“Rather than admiration or enthusiasm,” the great Brazilian writer Euclides da Cunha wrote at the end of the nineteenth century, “the feeling that overtakes one when first encountering the Amazon is foremost one of disappointment.” Like today’s ecotourism brochures, the accounts of the great river basin in da Cunha’s time celebrated its immensity but rarely dwelled on its extreme flatness—in the Amazon’s first 2,900 miles the vertical drop is only 500 feet. “It is as though the place lacks vertical lines,” da Cunha complained. “In a few hours the observer gives in to the fatigue of the unnatural monotony.” Every year the river floods—not a disaster, but a season. A channel that is one mile wide in the dry season can become thirty miles wide in the wet. After five months the water recedes, leaving behind a layer of rich sediment. From the air, the river seems to ooze like dirty metal through a wash of green utterly devoid of the romantic crags, arroyos, and heights that signify wildness and natural spectacle to most people of European descent.

The area around the lower-Amazon city of Santarém is an exception. West of town, the Tapajós pours into the Amazon from the south, creating an inland bay that at high water is fifteen miles wide and a hundred miles long.
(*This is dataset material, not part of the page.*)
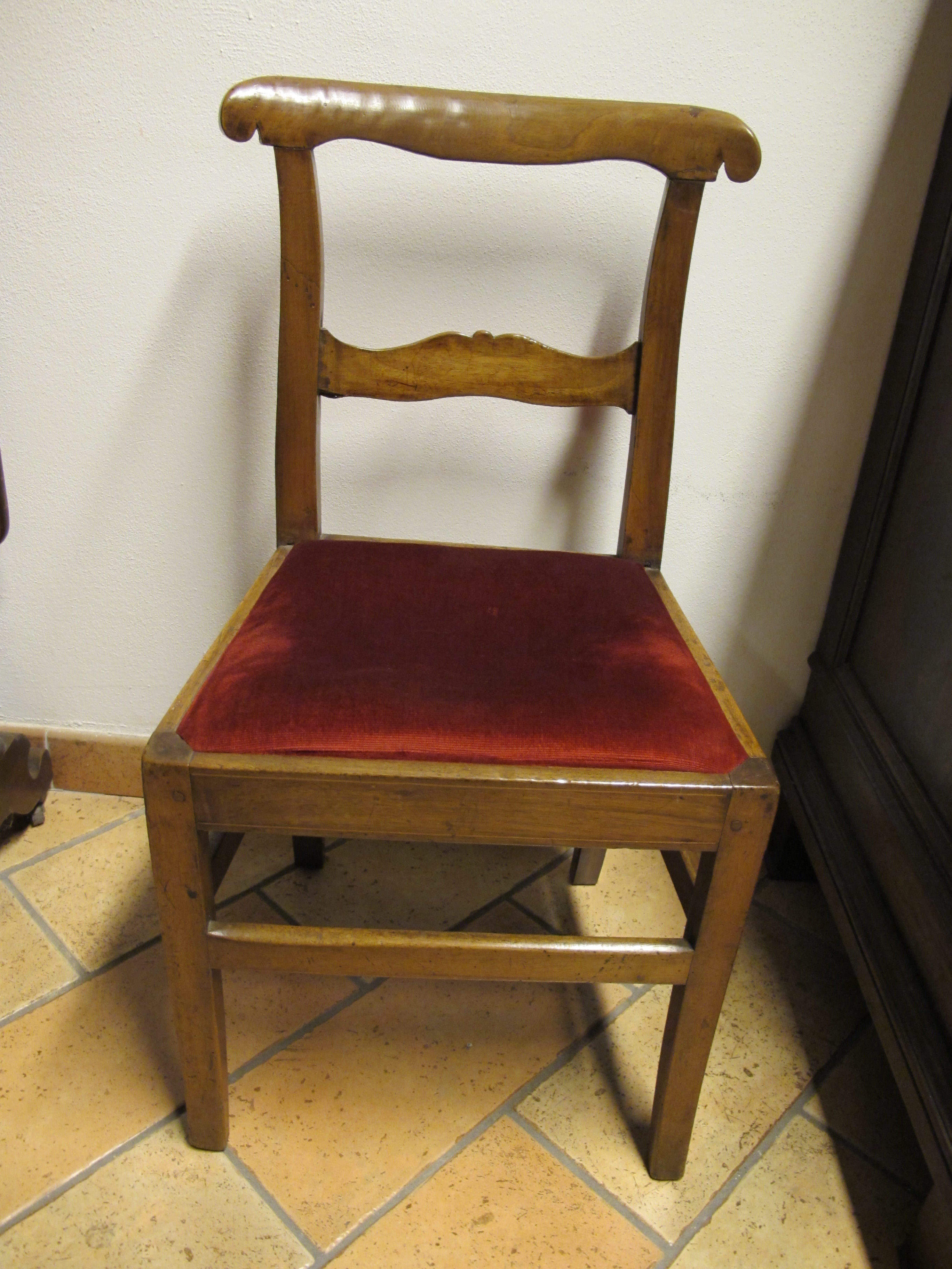Late 19th Century four "Carabinierine" lovely chairs with purple upholstery. Cm 78x41x38

The flood rises high enough to cover low river islands in knee-deep water, leaving their trees to stand out like miracles in mid-channel. Fishers from town ride their bicycles into little boats, parking the bikes while working by hanging them in the offshore trees. The bay is lined with bluffs high enough to cast long shadows. Almost five hundred years ago, Indians lined the edge of the rise, taunting Orellana by waving palm fronds.
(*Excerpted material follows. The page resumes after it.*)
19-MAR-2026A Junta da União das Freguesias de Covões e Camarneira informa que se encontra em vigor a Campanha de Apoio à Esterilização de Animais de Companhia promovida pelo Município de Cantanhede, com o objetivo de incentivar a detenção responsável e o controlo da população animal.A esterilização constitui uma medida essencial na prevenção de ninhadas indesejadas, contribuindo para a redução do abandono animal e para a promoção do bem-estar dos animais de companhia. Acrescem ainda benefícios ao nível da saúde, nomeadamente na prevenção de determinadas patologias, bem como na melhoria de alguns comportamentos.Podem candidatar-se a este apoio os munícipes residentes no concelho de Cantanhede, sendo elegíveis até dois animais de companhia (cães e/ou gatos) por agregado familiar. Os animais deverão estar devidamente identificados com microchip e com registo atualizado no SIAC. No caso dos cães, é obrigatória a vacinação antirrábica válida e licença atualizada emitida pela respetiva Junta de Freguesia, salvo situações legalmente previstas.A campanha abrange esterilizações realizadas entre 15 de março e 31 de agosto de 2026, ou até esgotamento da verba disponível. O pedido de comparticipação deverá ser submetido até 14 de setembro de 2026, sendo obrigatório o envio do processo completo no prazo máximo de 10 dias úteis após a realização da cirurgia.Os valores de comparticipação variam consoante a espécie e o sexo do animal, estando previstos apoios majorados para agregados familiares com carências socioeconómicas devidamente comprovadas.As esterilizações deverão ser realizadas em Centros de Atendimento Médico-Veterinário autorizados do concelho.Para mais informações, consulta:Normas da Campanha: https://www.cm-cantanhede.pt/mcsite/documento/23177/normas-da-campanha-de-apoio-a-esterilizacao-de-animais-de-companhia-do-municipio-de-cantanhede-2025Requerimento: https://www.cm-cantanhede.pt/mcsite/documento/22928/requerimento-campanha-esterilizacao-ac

On the opposite, northern side of the river are a series of sandstone ridges that reach down from the Guiana Shield in the north, halting close to the water’s edge. Five hundred feet high and more, they rise above the canopy like old tombstones. Many of the caves in the buttes are splattered with ancient pictographs—rock paintings of hands, stars, frogs, and human figures, all reminiscent of Joan Miró, in overlapping red and yellow and brown. In the 1990s one of these caves, Caverna da Pedra Pintada—Painted Rock Cave—drew considerable attention in archaeological circles.
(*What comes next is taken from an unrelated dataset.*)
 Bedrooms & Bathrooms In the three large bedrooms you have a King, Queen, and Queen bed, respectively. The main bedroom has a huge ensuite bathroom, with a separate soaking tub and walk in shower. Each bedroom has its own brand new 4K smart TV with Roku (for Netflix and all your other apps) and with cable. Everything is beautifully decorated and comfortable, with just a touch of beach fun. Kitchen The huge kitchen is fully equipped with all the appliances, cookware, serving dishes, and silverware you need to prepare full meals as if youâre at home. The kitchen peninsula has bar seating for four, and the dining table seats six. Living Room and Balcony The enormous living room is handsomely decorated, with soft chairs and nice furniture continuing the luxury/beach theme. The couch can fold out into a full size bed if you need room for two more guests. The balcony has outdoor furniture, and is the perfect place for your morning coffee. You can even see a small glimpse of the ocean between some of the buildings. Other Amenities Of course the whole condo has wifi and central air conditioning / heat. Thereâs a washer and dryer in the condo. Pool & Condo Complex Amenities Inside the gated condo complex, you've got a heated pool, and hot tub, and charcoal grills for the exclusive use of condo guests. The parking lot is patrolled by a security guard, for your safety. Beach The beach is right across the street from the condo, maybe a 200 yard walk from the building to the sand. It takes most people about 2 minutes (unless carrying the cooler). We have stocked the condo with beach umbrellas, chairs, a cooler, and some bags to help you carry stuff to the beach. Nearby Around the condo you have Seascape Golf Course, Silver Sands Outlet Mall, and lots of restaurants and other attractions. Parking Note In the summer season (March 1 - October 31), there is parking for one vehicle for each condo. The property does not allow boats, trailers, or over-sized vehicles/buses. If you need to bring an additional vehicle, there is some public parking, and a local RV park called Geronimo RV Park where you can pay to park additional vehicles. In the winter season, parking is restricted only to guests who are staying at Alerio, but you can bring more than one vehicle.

Wide and shallow and well lighted, Painted Rock Cave is less thronged with bats than some of the other caves. The arched entrance is twenty feet high and electric with gaudy imagery. Out front is a sunny natural patio, suitable for picnicking, that is edged by a few big rocks. During my visit I ate a sandwich atop a particularly inviting stone and looked through a stand of peach palms over the treetops to the water seven miles away. The people who created the petroglyphs, I thought, must have done about the same thing.

Painted Rock Cave has attracted scientists since the mid-nineteenth century, when Alfred Russel Wallace visited it. Wallace, a naturalist, was more interested in the palm trees outside the caves than the people who had lived inside them. The latter were left to an archaeologist, Anna C. Roosevelt, then at the Field Museum. To her exasperation, press accounts of Roosevelt’s work often stress her descent from Theodore Roosevelt (she is his great-granddaughter), as if her lineage were more noteworthy than her accomplishments. In truth, though, she has demonstrated something of her ancestor’s flare for drama and controversy.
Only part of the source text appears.